Mom never forgot her first and only love. But I fully believe she was finally able to let go of him more after fifteen years, ten years of which we were going places together.

I held down a full-time position in a local factory during most of these years. Our travel schedule wasn’t too wild yet, so I was able to squeeze the trips into paid vacations. That would get trickier as our travels got more sophisticated…and personalized.

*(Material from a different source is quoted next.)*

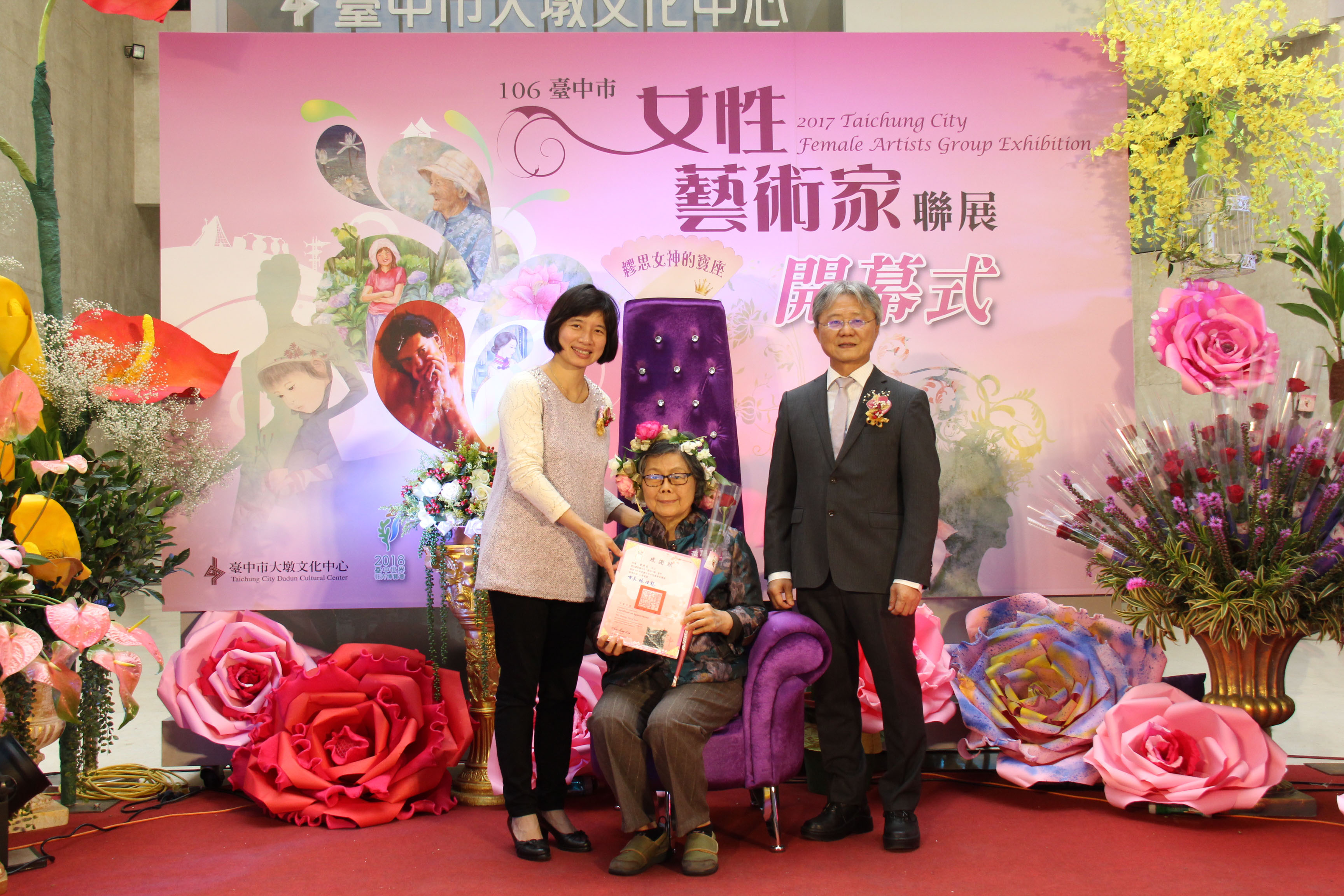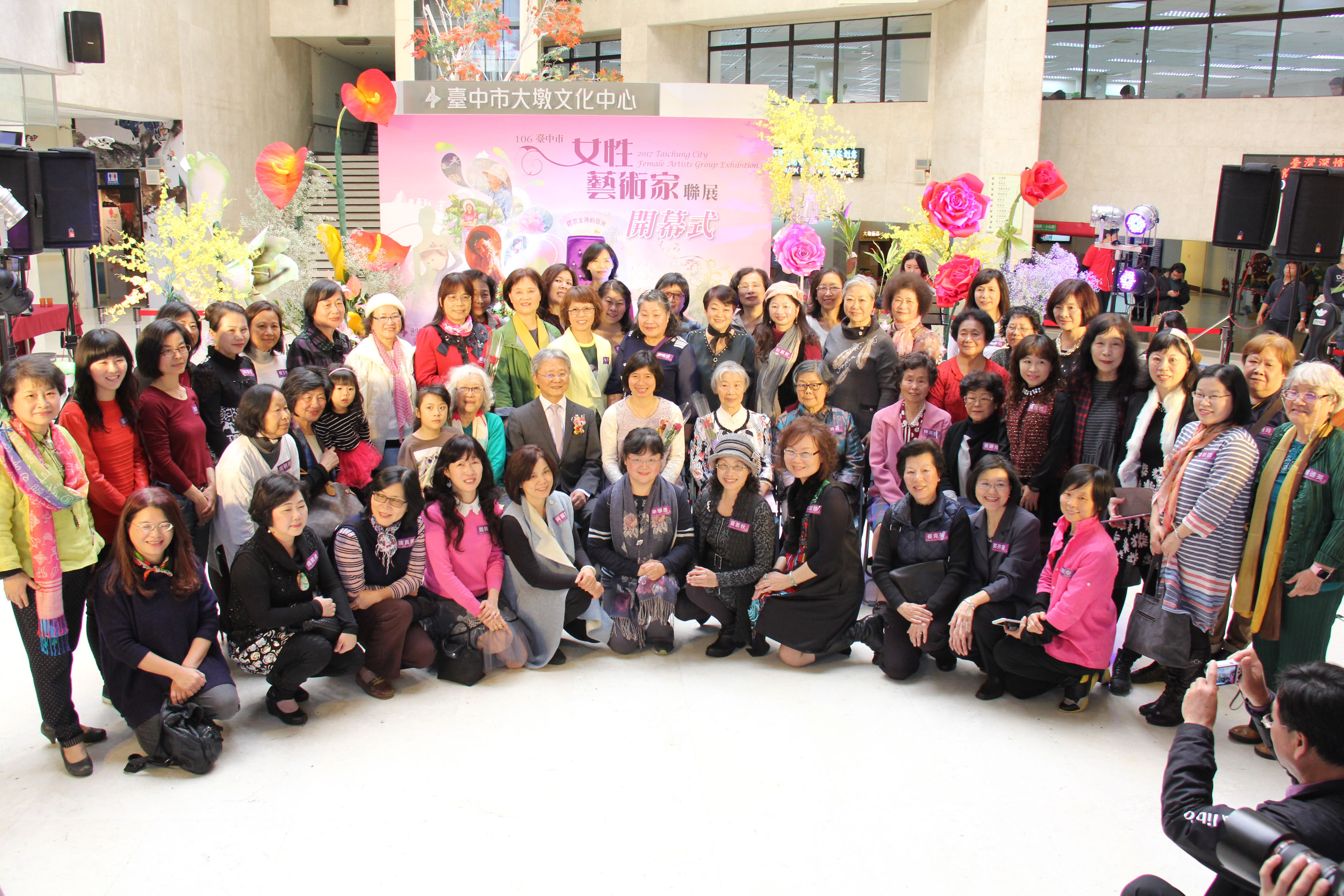 台中市女性藝術家聯展今日隆重開幕,林副市長在文化局長王志誠的陪同下出席致詞,市議員劉淑蘭也到場共襄盛舉,氣氛熱絡;而為迎接2018世界花博,今年開幕現場融入超高低比手作大花美學的大台中花卉植物,並邀請藝術家們登上繆思女神寶座接受讚揚與祝福,讓女性藝術家倍感溫馨與尊榮。
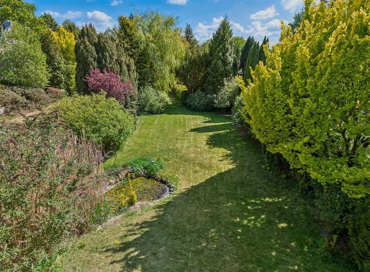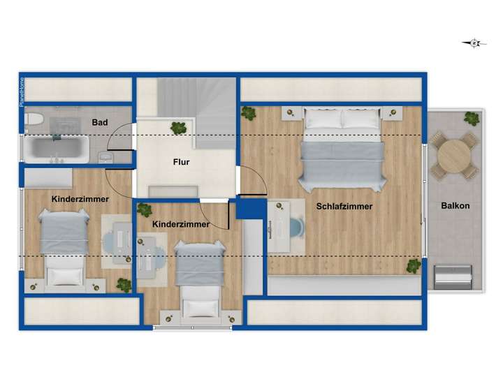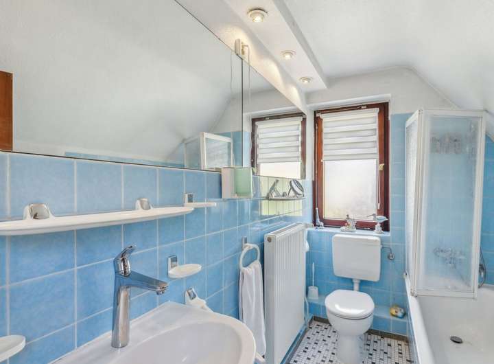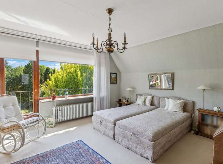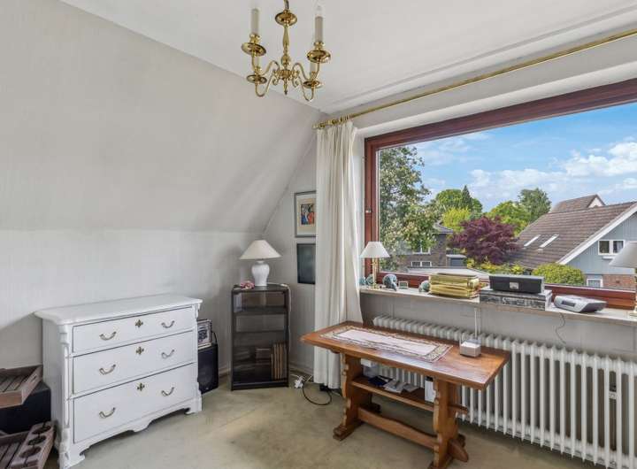 Im Obergeschoss liegen drei weitere Zimmer und ein Vollbad. An das große Elternschlafzimmer schließt ein Balkon an, der einen fantastischen Blick in den Garten bietet. Die beiden anderen Zimmer liegen daneben und eigen sich hervorragend als Kinderzimmer, Büro oder Gästezimmer.

While Mom and I were bonding ever closer and getting better at the travel thing, relations in our family were falling apart. Assumptions of favoritism were rampant, resentments cropped up that my sister, who is disabled, had to be taken care of while Mom was gone. Money problems were always at the forefront of every conflict. Things didn’t get any better, though everyone said they wanted Mom to enjoy life. In fact, things got steadily worse. I used to say that we weren’t a dysfunctional family, because that would indicate we were functioning, just not the right way. Hardly the case with us; we weren’t functioning at all. Because of this, Mom and I could never be completely happy traveling. She was filled with guilt for leaving her daughter, who required total care, in the hands of someone else, when she had always provided for her. Being far away from home without the option to get back quickly was tough for her. Sometimes she would cry and worry. My job was to cheer her up. It didn’t always work, but we still had plenty of good times.

We didn’t give up. Soon, traveling would get even more interesting. We’d leave the guided tours behind and start making our own fun.

That’s when I learned how to read those maps I was obsessing over. The United States and Canada were soon to be our oyster!